When he’s too adorable at a birthday party

  • Painting Minnie Mouse bows: “I’m making beautiful butterflies”
  • Looking down at his paint and glitter-covered hand: “Oh God”

When he plans a pretty cool party himself:

  • CJ: Mummy, I had a dream
  • Me: What was your dream, sweet pea?
  • CJ: I had a party
  • Me: What a lovely dream. What was the party like?
  • CJ: It was a blue party with a cake and a blue eberrywhere.
  • Me: Did you have a good time?
  • CJ: It was raining but eberryone say “Yay!! Party inside” and fall on floor with bah-woons 😂😂😂

When he’s unintentionally punny:

  • CJ, holding up one of his Dinosaur Train toys: This my the-saurus. What his other name?

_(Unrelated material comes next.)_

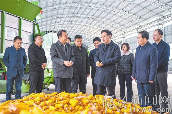 图为董一兵在蒲县黑龙关镇中垛村调研茂洲农牧科技有限公司运营情况。记者 闫锐鹏 摄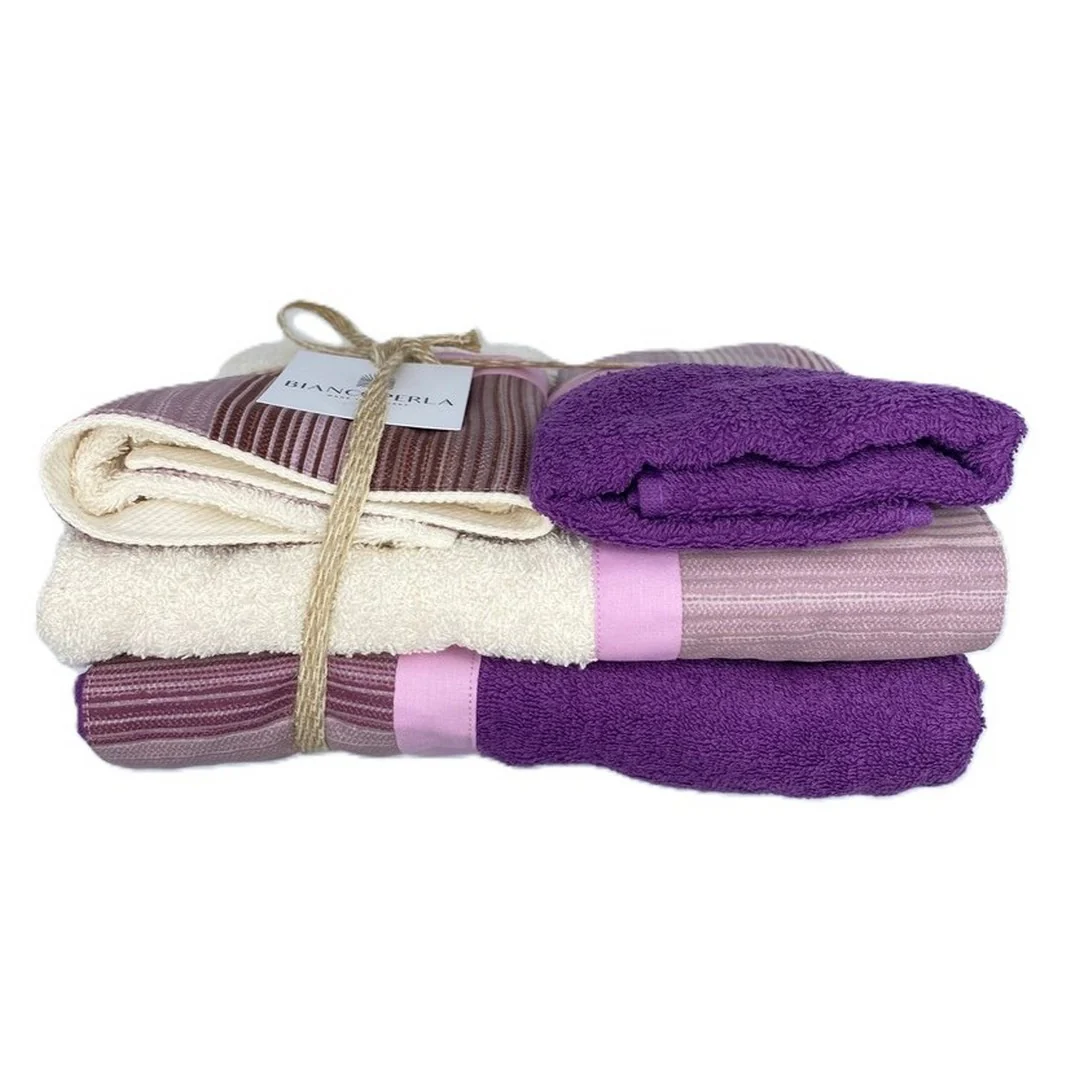 Elegante set da 2 coppie di asciugamani (2 viso + 2 ospiti) firmato Biancoperla, eccellenza Made in Tuscany.

When he’s supportive of his fellow “man”:

  • CJ: Wasssss dat?
  • Me: That’s a peacock. The boy ones have pretty tails.
  • CJ (pointing): Is a boy like me?
  • Me: Yeah, that one is a boy.
  • CJ: Eeepcop, you a good boy.

When he doesn’t want to admit he’s tired:

  • Me, lying in bed with CJ: Any songs tonight, bud?
  • CJ: Mummy?
  • Me: Yes, sweet pea
  • CJ: Mummy, Cway (Muffin McClay) is tired
  • Me: Ohhhh… should I go so that Clay can go to sleep?
  • CJ: Yes pwease mummy, he’s very sweepy (sleepy)

I swear, the quirks in grammar at the moment is what is killing me – you can’t get angry with a toddler who says “I don’t want…” as “I’m not wanting”. “I’m not wanting to get dressed”, “I’m not wanting that for dinner”. So cute!